In Britain, Parliament is debating the oft-revised U.K. Online Safety Bill, which seeks to regulate harmful and illegal content on the internet for children and adults. Without further modifications, however, the bill could undermine that laudable goal.
Fashioned by Ofcom, the U.K.’s digital communications regulator, the bill creates a formal “duty of care” for online platforms to remove harmful content on their websites with additional responsibilities for websites that also serve young people. If passed, adult websites would need to establish age verification and commit to removing illegal content such as content depicting hate crimes, sexual abuse, and terrorism. Websites with youth users would need to prevent young people from seeing illegal content as well as potentially harmful, but not illegal, content such as that promoting eating disorders, self-harm, or suicide. Penalties for failure to comply with these requirements include fines and potential criminal liability for platforms and tech executives if they fail to comply with Ofcom’s information requests.
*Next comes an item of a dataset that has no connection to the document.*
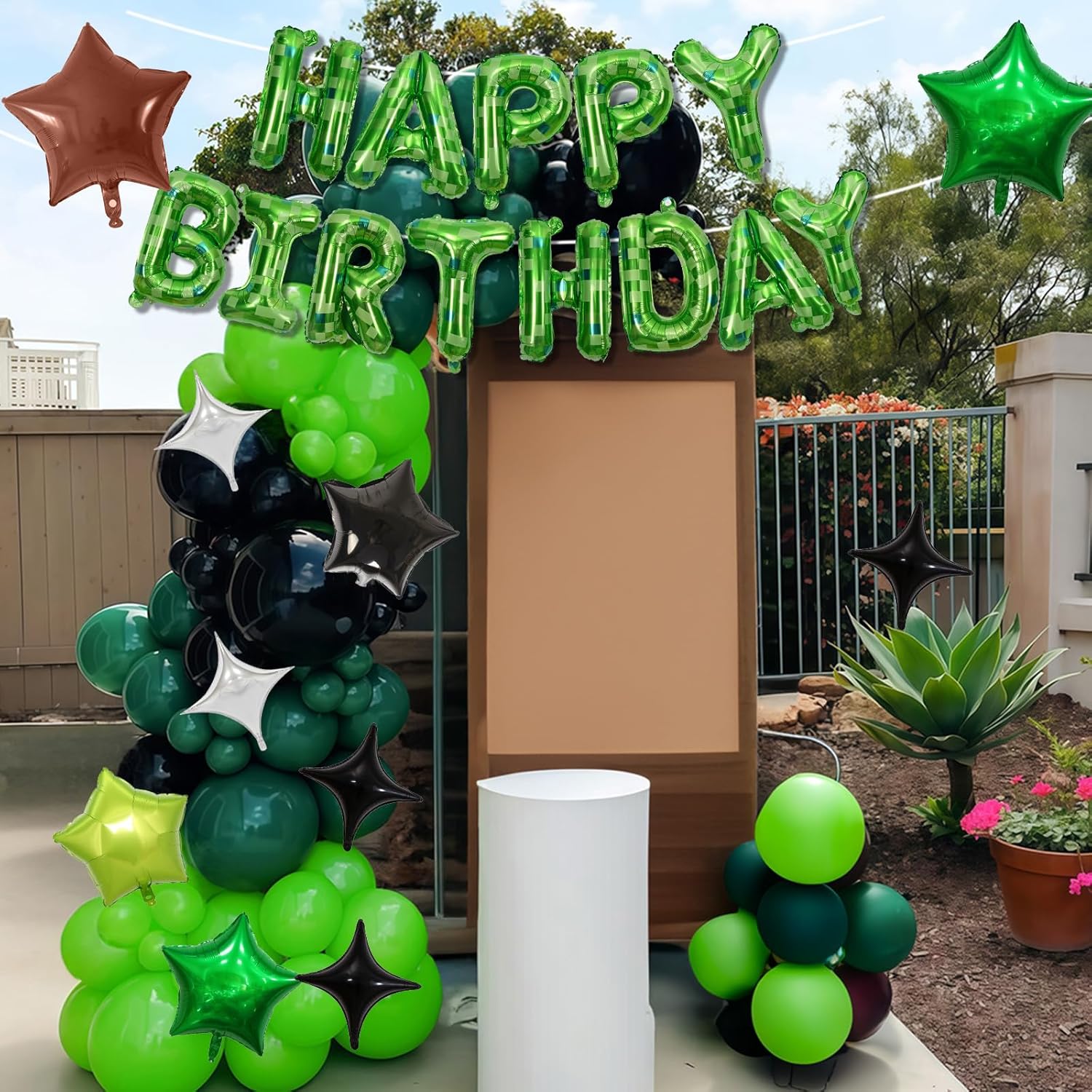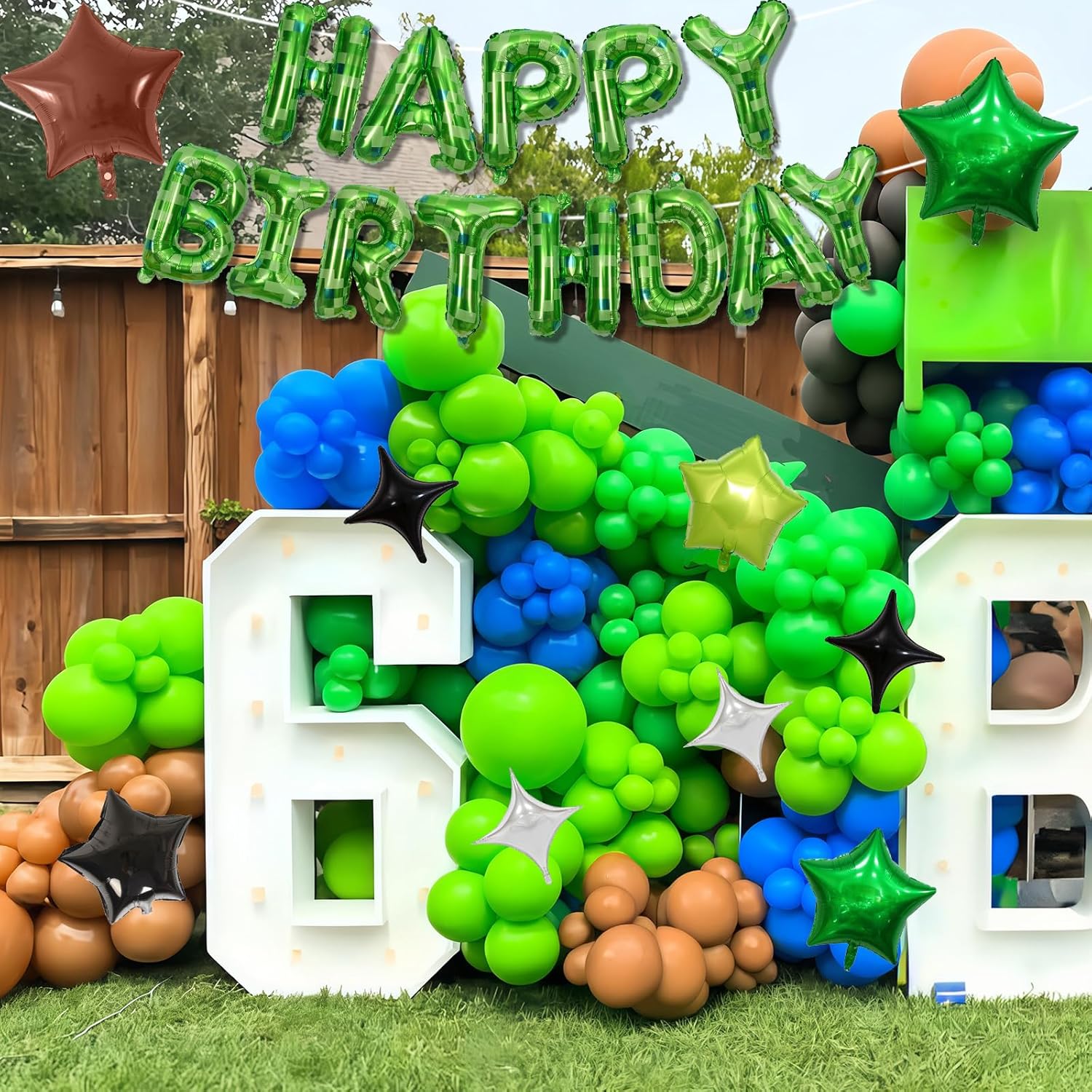 • Ultimate Pixel Party Decor – Create a retro gaming vibe with this complete set! Includes a 16" pixel green checkerboard "HAPPY BIRTHDAY" foil balloon, 18" dark green & brown star balloons, and 7 pixel-style star balloons (silver, black, green). Comes with ribbon, glue dots, and a straw for instant setup!

As I’ve written previously, managing harmful content online, and creating specific youth-protection schemes, raises a host of thorny questions. In a recent blog looking at a U.S. youth online safety bill, I wrote that content moderation is technically challenging, because content moderation systems aren’t perfectly accurate at flagging inappropriate content. The systems can overcorrect and potentially censor acceptable information. In another piece about children’s privacy, I noted that definitively identifying internet users’ age online is both technically challenging and undermines everyone’s privacy.
The latest version of the U.K. Online Safety Bill fails to strike the right balance on content moderation versus censorship, or on privacy.
Content moderation creates a host of challenges, like defining what content is harmful, censorship of content that is not illegal, and encoding all the rules into an algorithm. Even with clear definitions, content moderation is technically challenging.
Content moderation algorithms are not perfectly accurate at flagging harmful content. This means that if an algorithm is 98% effective, 2% will slip through the cracks. On popular websites, 2% could be millions of posts. It remains unclear if firms will be punished if some illegal content passes through the filters. Free speech advocates worry that firms will overcompensate content removal because of the harsh penalties and the technical compliance challenge.
In addition to challenges of censorship, the bill also threatens privacy. First, by requiring users to disclose more personal data to access websites. Second by requiring a backdoor on encrypted messaging platforms for Ofcom to scan private messages for illegal conversations or content.
There is no easy way currently to verify age online without the user voluntarily giving up personal information. While the main trend in privacy legislation is toward decreasing the amount of personal information consumers have to provide to apps and websites, the U.K. bill points in the opposite direction, requiring users to make accounts and verify age through technologies like facial recognition checks or uploading a government-issued ID card to a website.
If personal information disclosure for every website wasn’t enough, the bill also contains provisions to allow Ofcom to search private messages on encrypted platforms. The bill as currently written gives new, large scale, citizen surveillance abilities to Ofcom regardless of wrongdoing. Seventy organizations, cyber security experts, and elected officials signed a letter to warn against allowing Ofcom to search private messages. Their main message is that creating a backdoor for the government creates a backdoor for anyone and undermines the rights of British citizens to privacy.
The U.K. government isn’t the only entity searching for a better solution to make the online space safer for users. This bill, however, stifles free speech online while undermining too many peoples’ privacy.